* **Activity**: Please retype all of the data below, word for word.

* **The data**:

■ ■ ■ ■ ■ ■ ■

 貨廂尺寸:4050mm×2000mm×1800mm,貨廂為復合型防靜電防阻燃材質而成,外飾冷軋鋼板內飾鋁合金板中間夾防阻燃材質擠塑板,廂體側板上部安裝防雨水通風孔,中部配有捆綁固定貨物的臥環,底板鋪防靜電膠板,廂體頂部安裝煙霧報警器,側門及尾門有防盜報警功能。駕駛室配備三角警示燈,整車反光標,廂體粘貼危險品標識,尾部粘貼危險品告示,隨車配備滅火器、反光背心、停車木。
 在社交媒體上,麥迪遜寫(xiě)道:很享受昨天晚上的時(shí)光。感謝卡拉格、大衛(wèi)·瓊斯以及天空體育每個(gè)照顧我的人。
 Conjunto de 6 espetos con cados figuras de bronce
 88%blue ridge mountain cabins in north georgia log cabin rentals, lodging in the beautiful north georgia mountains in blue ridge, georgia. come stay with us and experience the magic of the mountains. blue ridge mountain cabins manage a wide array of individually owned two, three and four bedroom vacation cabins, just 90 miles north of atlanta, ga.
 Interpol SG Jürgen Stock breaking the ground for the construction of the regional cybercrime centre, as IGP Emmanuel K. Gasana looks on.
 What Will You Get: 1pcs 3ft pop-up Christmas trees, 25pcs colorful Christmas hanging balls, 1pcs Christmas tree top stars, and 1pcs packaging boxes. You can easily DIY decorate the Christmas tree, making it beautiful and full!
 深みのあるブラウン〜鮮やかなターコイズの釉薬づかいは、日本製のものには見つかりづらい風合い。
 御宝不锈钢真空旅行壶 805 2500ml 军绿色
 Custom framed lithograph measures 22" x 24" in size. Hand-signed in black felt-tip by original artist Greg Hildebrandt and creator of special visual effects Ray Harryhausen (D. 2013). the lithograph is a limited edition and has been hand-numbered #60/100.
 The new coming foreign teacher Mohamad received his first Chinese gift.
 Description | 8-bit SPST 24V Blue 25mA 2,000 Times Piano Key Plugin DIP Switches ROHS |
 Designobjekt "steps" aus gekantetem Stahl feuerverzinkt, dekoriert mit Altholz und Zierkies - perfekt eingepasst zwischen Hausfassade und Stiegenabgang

■ ■ ■ ■ ■ ■ ■

* **Your solution**:
 貨廂尺寸:4050mm×2000mm×1800mm,貨廂為復合型防靜電防阻燃材質而成,外飾冷軋鋼板內飾鋁合金板中間夾防阻燃材質擠塑板,廂體側板上部安裝防雨水通風孔,中部配有捆綁固定貨物的臥環,底板鋪防靜電膠板,廂體頂部安裝煙霧報警器,側門及尾門有防盜報警功能。駕駛室配備三角警示燈,整車反光標,廂體粘貼危險品標識,尾部粘貼危險品告示,隨車配備滅火器、反光背心、停車木。
 在社交媒體上,麥迪遜寫(xiě)道:很享受昨天晚上的時(shí)光。感謝卡拉格、大衛(wèi)·瓊斯以及天空體育每個(gè)照顧我的人。
 Conjunto de 6 espetos con cados figuras de bronce
 88%blue ridge mountain cabins in north georgia log cabin rentals, lodging in the beautiful north georgia mountains in blue ridge, georgia. come stay with us and experience the magic of the mountains. blue ridge mountain cabins manage a wide array of individually owned two, three and four bedroom vacation cabins, just 90 miles north of atlanta, ga.
 Interpol SG Jürgen Stock breaking the ground for the construction of the regional cybercrime centre, as IGP Emmanuel K. Gasana looks on.
 What Will You Get: 1pcs 3ft pop-up Christmas trees, 25pcs colorful Christmas hanging balls, 1pcs Christmas tree top stars, and 1pcs packaging boxes. You can easily DIY decorate the Christmas tree, making it beautiful and full!
 深みのあるブラウン〜鮮やかなターコイズの釉薬づかいは、日本製のものには見つかりづらい風合い。
 御宝不锈钢真空旅行壶 805 2500ml 军绿色
 Custom framed lithograph measures 22" x 24" in size. Hand-signed in black felt-tip by original artist Greg Hildebrandt and creator of special visual effects Ray Harryhausen (D. 2013). the lithograph is a limited edition and has been hand-numbered #60/100.
 The new coming foreign teacher Mohamad received his first Chinese gift.
 Description | 8-bit SPST 24V Blue 25mA 2,000 Times Piano Key Plugin DIP Switches ROHS |
 Designobjekt "steps" aus gekantetem Stahl feuerverzinkt, dekoriert mit Altholz und Zierkies - perfekt eingepasst zwischen Hausfassade und Stiegenabgang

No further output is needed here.